DETAILED DESCRIPTION
[0026] The description set forth below in connection with the
appended drawings is intended as a description of various
configurations and is not intended to represent the only
configurations in which the concepts and features described herein
may be practiced. The following description includes specific
details for the purpose of providing a thorough understanding of
various concepts. However, it will be apparent to those skilled in
the art that these concepts may be practiced without these specific
details. In some instances, well known circuits, structures,
techniques and components are shown in block diagram form to avoid
obscuring the described concepts and features.

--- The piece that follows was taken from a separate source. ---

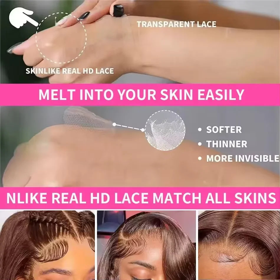 🔹 13x4 HD Transparent Swiss Lace: ultra-thin lace that blends flawlessly with any complexion for an invisible hairline.
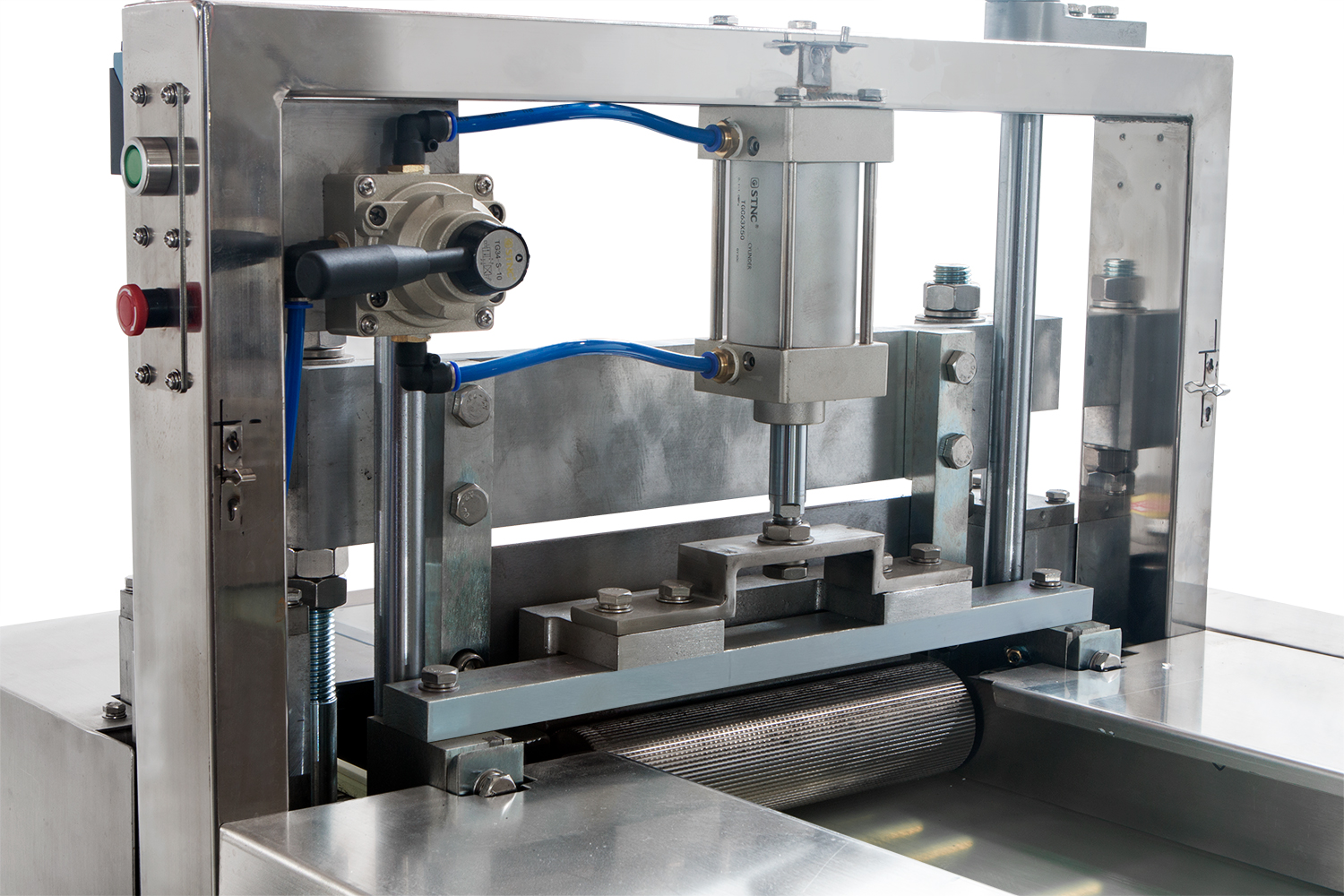 特制的輸送帶和壓料機構(gòu)將物料按設(shè)定的長度,作步進平行移動,垂直上下往復(fù)運動的切刀機構(gòu)直接在輸送帶上切斷物料。

[0027] The various concepts presented throughout this disclosure
may be implemented across a broad variety of telecommunication
systems, network architectures, electronic device, mobile devices,
computing devices, and communication standards. Certain aspects of
the disclosure are described below with reference to specific
protocols, systems, and technologies. However, those of ordinary
skill in the art will recognize that one or more aspects of the
present disclosure may be employed and included in one or more
other wireless communication protocols, systems, and
technologies.
[0028] Overview
[0029] Various features and aspects of the present disclosure
pertain to guaranteeing that tasks are executed in a certain
ordering even where a receiving target device or interface protocol
does not provide support for such queue ordering. A host software
operating on a host device may mark a certain task with a Queue
Barrier (QBR) indicator (e.g., tag or marker). However, a target
I/O device with which the host device communicates and/or the I/O
communication protocol used may not support such QBR indicator.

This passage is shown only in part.